Content starts

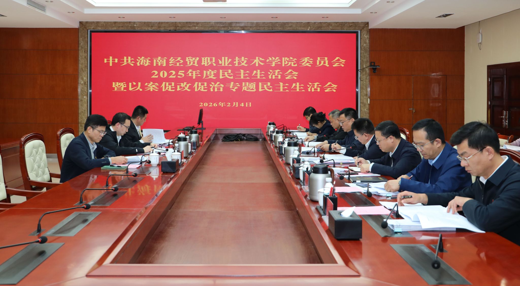 2026年2月4日,海南经贸职业技术学院召开党委2025年度民主生活会暨以案促改促治专题民主生活会。省委组织部干部规划办副主任、一级调研员何为,省纪委监委第三监督检查室一级主任科员彭永龙,省教育厅思想政治教育处一级调研员文强到会指导并作点评讲话。学校党委书记王华,党委副书记、校长崔昌华等学校党政班子成员出席会议。王华主持会议。
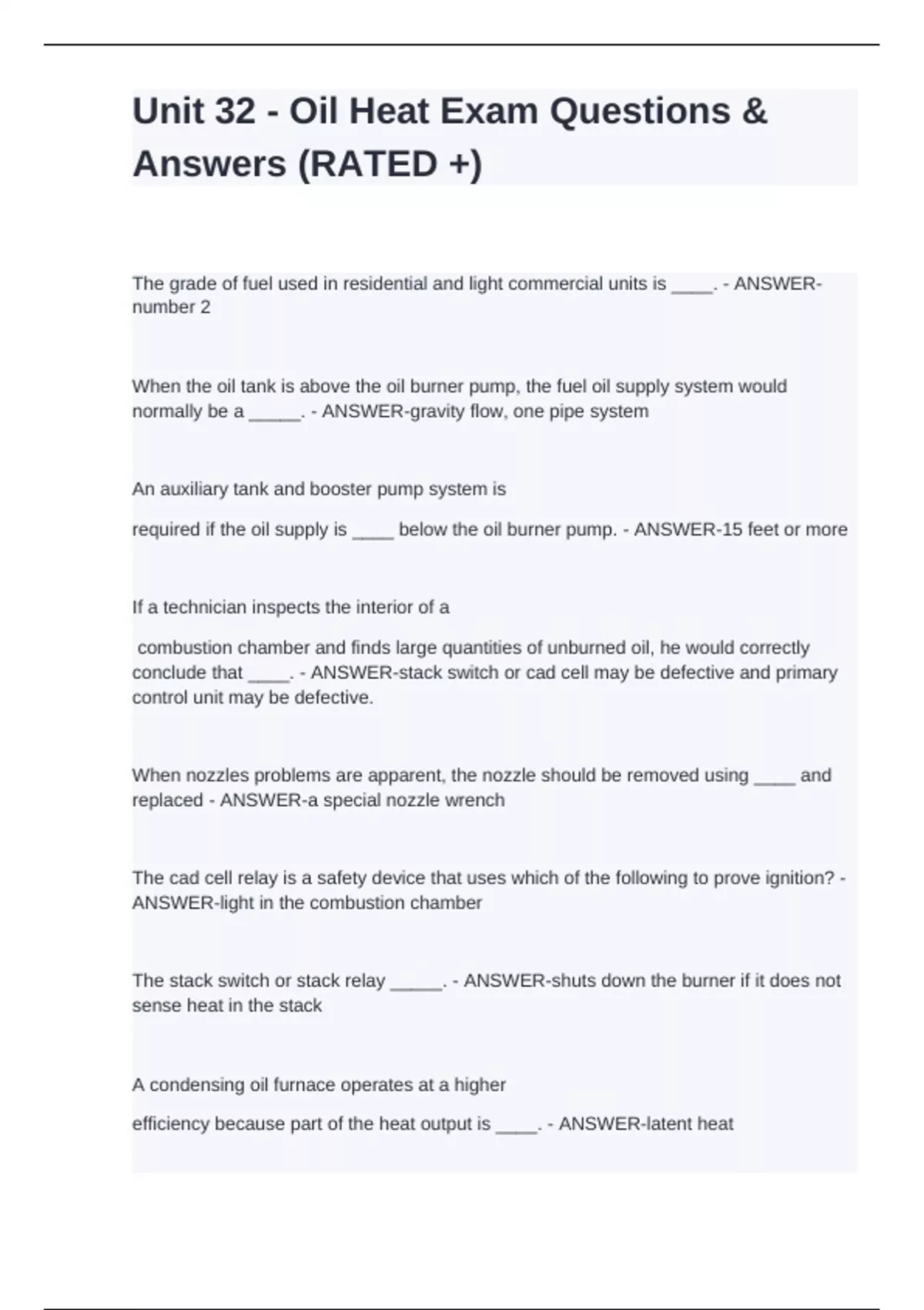 Unit 32 - Oil Heat Exam Questions & Answers (RATED +)
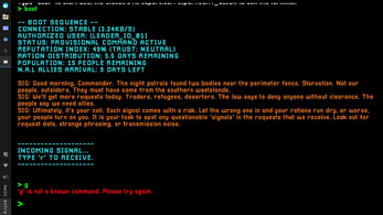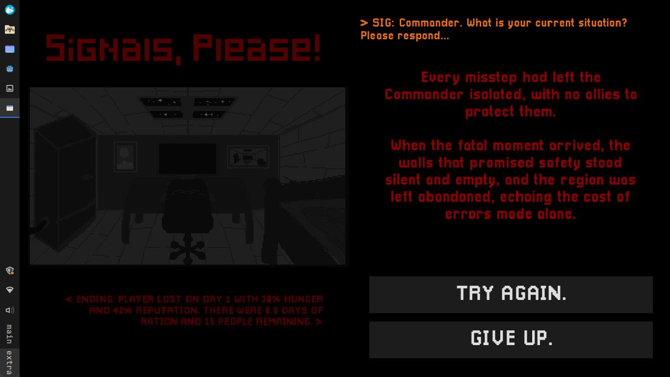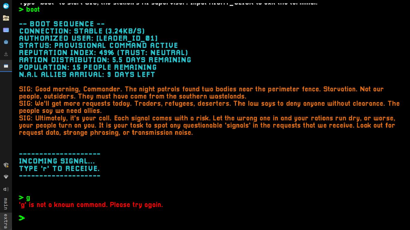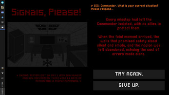 Signals, Please! is a game made in Godot. Your role is the commander, the sole leader of the last functioning outpost after the network collapse. All external contact comes through your Signal Terminal and for every incoming request, you must decide whether or not to trust them.
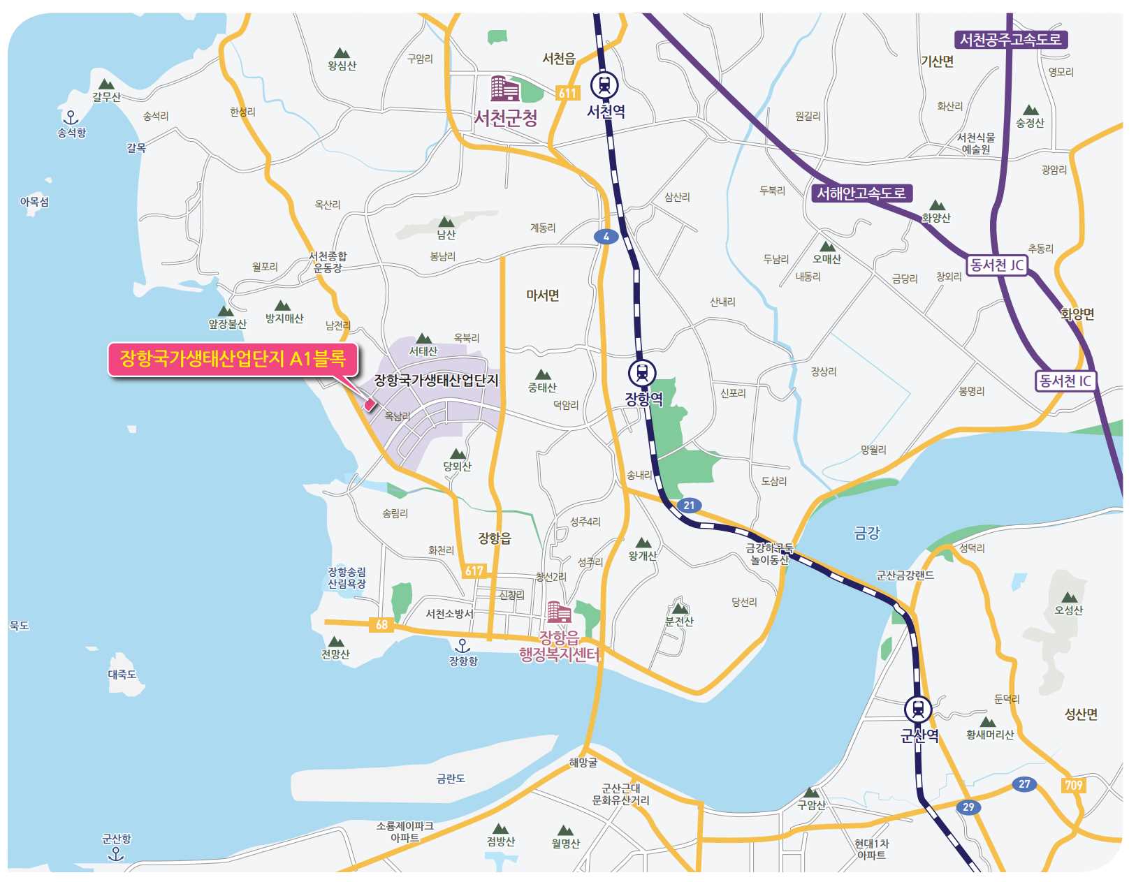 장항국가생태산업단지A1BL는 충청남도 서천군에 위치하고 있습니다.
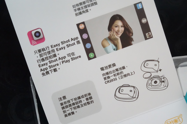 把背蓋向下推開後,可以見到 CR2032 鈕形電,是 Easy Shot 電力來源。 所提供能源約可按 1萬次。
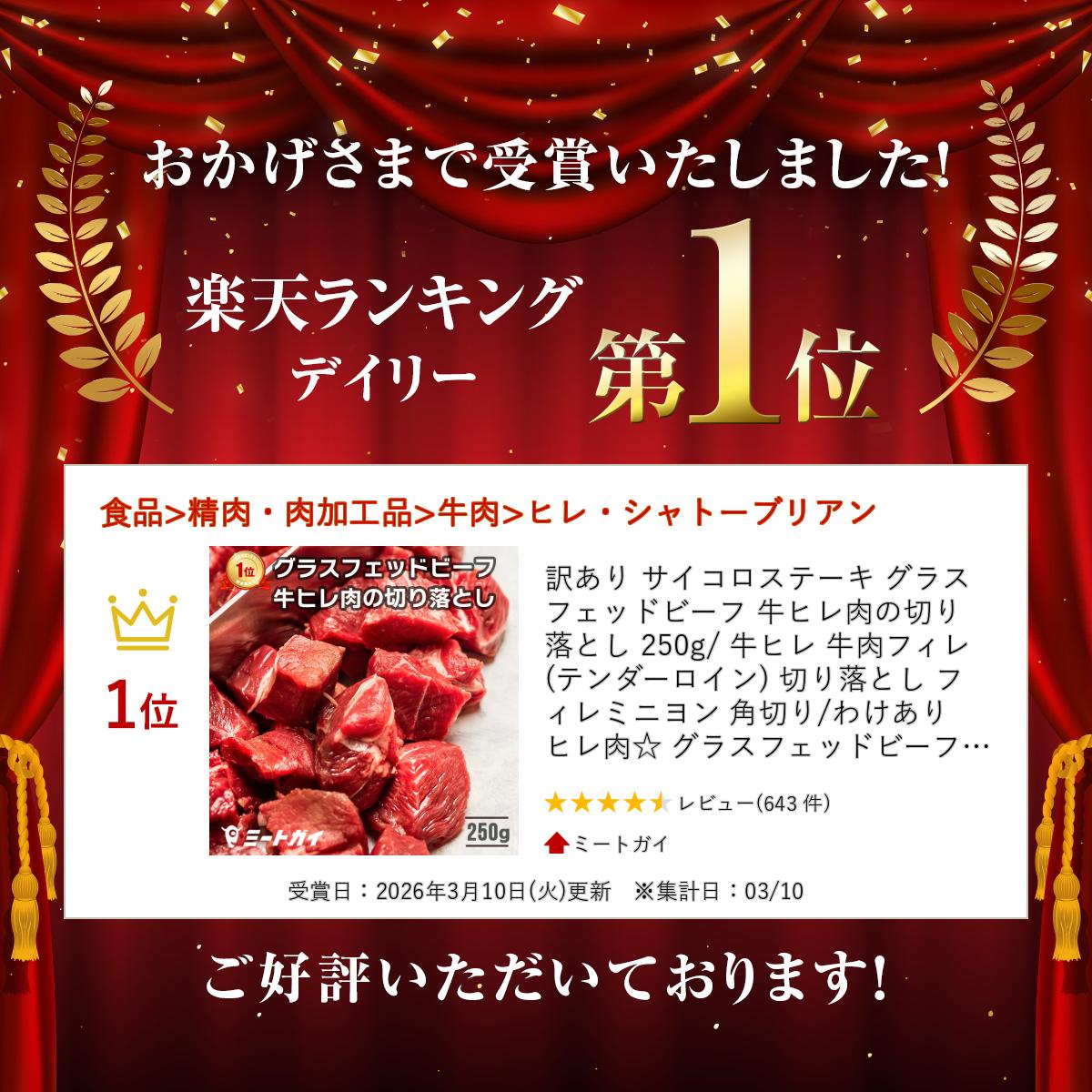 訳あり サイコロステーキ グラスフェッドビーフ 牛ヒレ肉の切り落とし 250g/ 牛ヒレ 牛肉フィレ (テンダーロイン) 切り落とし フィレミニヨン 角切り/わけあり ヒレ肉☆ グラスフェッドビーフ(牧草飼育牛肉・牧草肉) -B105a
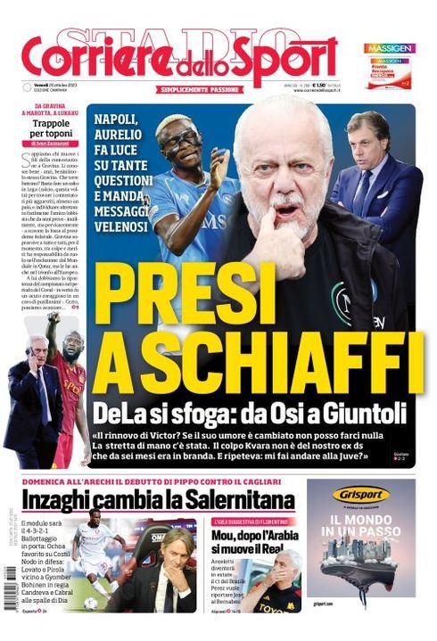 Il Corriere dello Sport, nell'edizione campana, apre con "Presi a schiaffi". Napoli, Aurelio fa luce su tante questioni e manda messaggi velenosi. DeLa si sfoga: da Osi a Giuntoli. "Il rinnovo di Victor? Se il suo umore è cambiato non posso farci nulla. La stretta di mano c'è stata. Il colpo Kvara non è del nostro ex d.s. che da sei mesi era in branda. E ripeteva: "Mi fai andare alla Juve?". In basso, "Inzaghi cambia la Salernitana". Il modulo sarà il 4-3-2-1. Ballottaggio in porta: Ochoa favorito su Costil. Nodo in difesa: Levato o Pirola vicino a Gyomber. Bohinen in regia. Candreva e Cabral alle spalle di Dia. Poi la Roma, con il futuro dell'allenatore giallorosso "Mou, dopo l'Arabia si muove il Real".
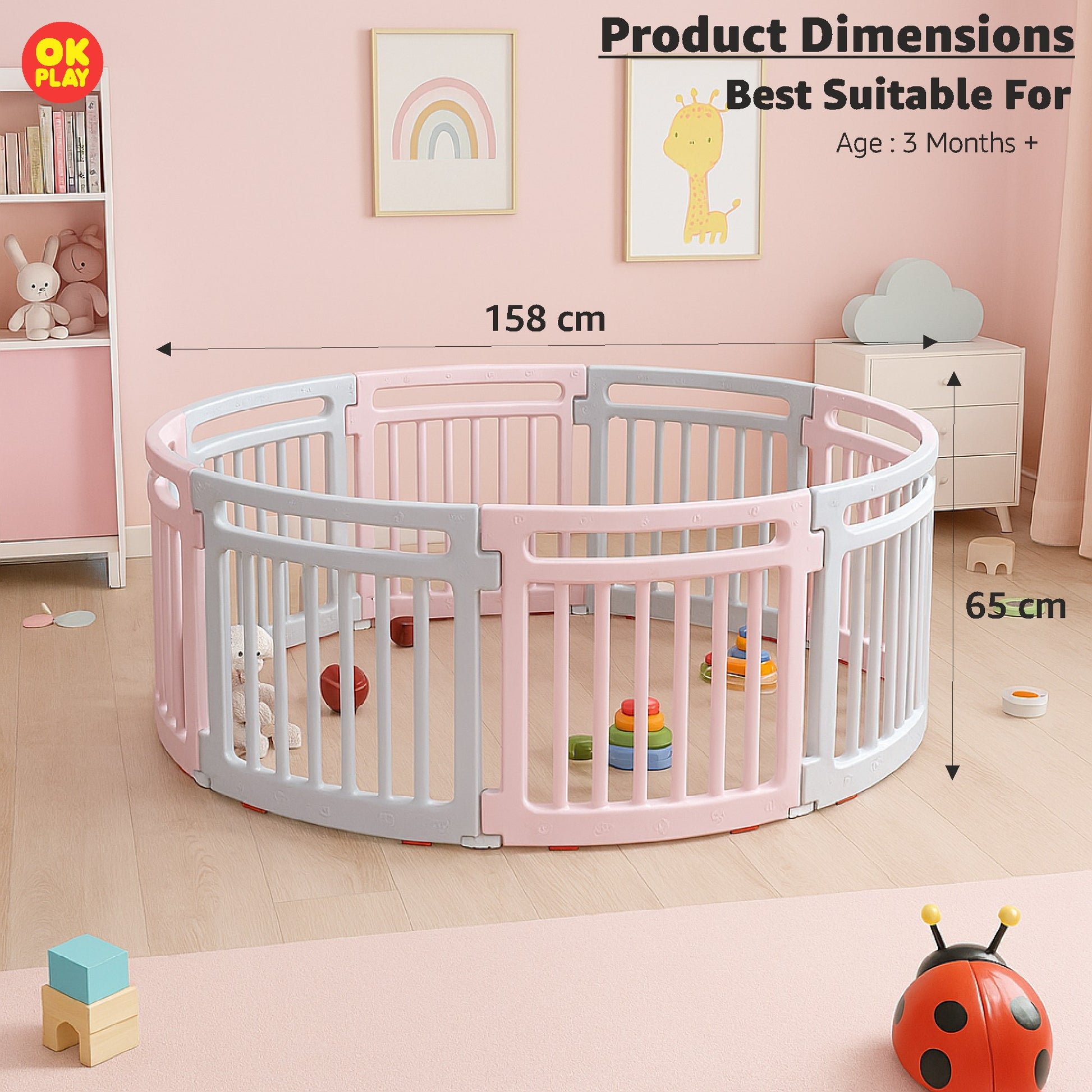 OK PLAY 8 Panel Round Playpen For Kids | Play Yard | Baby Fence | Perfect for Home, School & Playground | Easy Assemble | Anti Slip | Indoor Outdoor Games | Safe toy | Perfect Gift
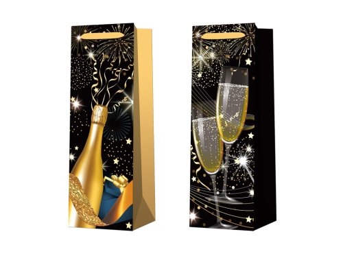 Darčeková taška na fľašu je ideálnym riešením pre elegantné a praktické zabalenie fľaše vína, šampanského alebo iného nápoja. Jej rozmery sú 130x125x370 mm. Tovar je dodávaný v mixe. Doručovaný tovar je vyberaný náhodne a nie je možné vybrať konkrétne prevedenie.
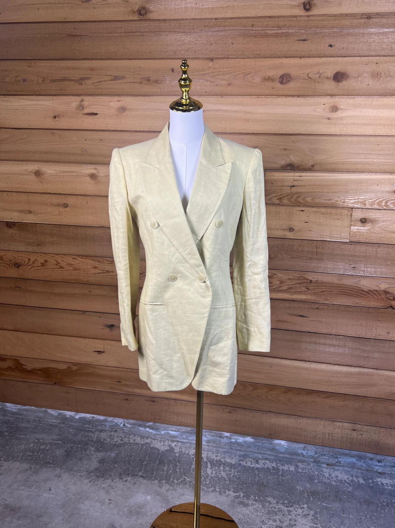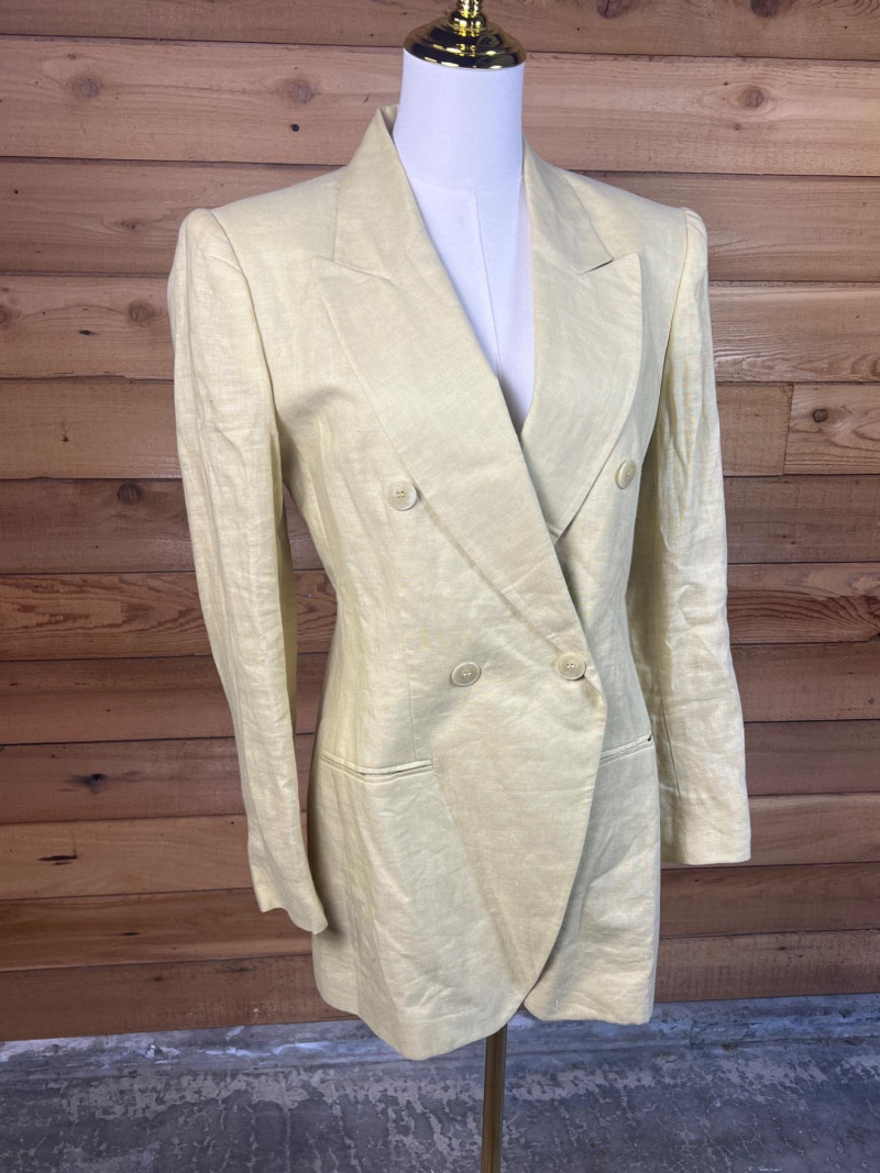 Lot # 136 - JONES NEW YORK Vintage Soft Yellow Double Breasted Blazer- Sz 4
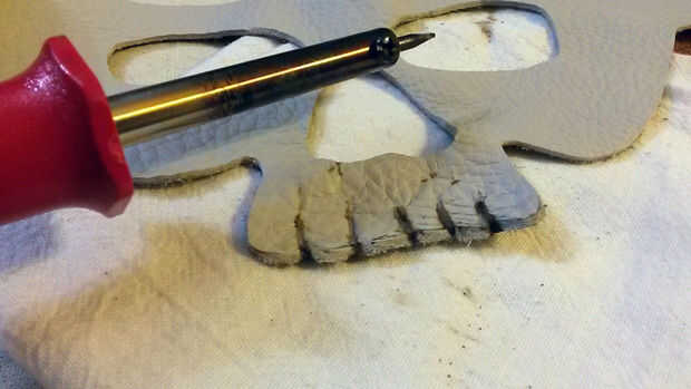 Me encanta grabar cuero. La forma de rizos y quema siempre es interesante, así que decidí utilizar un quemador de soldadura de hierro y madera para dibujar en los dientes. Esto es opcional y podría hacerse fácilmente con la pintura más adelante en el proceso.

Content ends

Among the records above, locate the line containing "Il Corriere dello" and the line containing "Darčeková taška na", then transcribe exactly the lines starting at the first and ending at the second, with no pictures.

- Exercise answer:
 Il Corriere dello Sport, nell'edizione campana, apre con "Presi a schiaffi". Napoli, Aurelio fa luce su tante questioni e manda messaggi velenosi. DeLa si sfoga: da Osi a Giuntoli. "Il rinnovo di Victor? Se il suo umore è cambiato non posso farci nulla. La stretta di mano c'è stata. Il colpo Kvara non è del nostro ex d.s. che da sei mesi era in branda. E ripeteva: "Mi fai andare alla Juve?". In basso, "Inzaghi cambia la Salernitana". Il modulo sarà il 4-3-2-1. Ballottaggio in porta: Ochoa favorito su Costil. Nodo in difesa: Levato o Pirola vicino a Gyomber. Bohinen in regia. Candreva e Cabral alle spalle di Dia. Poi la Roma, con il futuro dell'allenatore giallorosso "Mou, dopo l'Arabia si muove il Real".
 OK PLAY 8 Panel Round Playpen For Kids | Play Yard | Baby Fence | Perfect for Home, School & Playground | Easy Assemble | Anti Slip | Indoor Outdoor Games | Safe toy | Perfect Gift
 Darčeková taška na fľašu je ideálnym riešením pre elegantné a praktické zabalenie fľaše vína, šampanského alebo iného nápoja. Jej rozmery sú 130x125x370 mm. Tovar je dodávaný v mixe. Doručovaný tovar je vyberaný náhodne a nie je možné vybrať konkrétne prevedenie.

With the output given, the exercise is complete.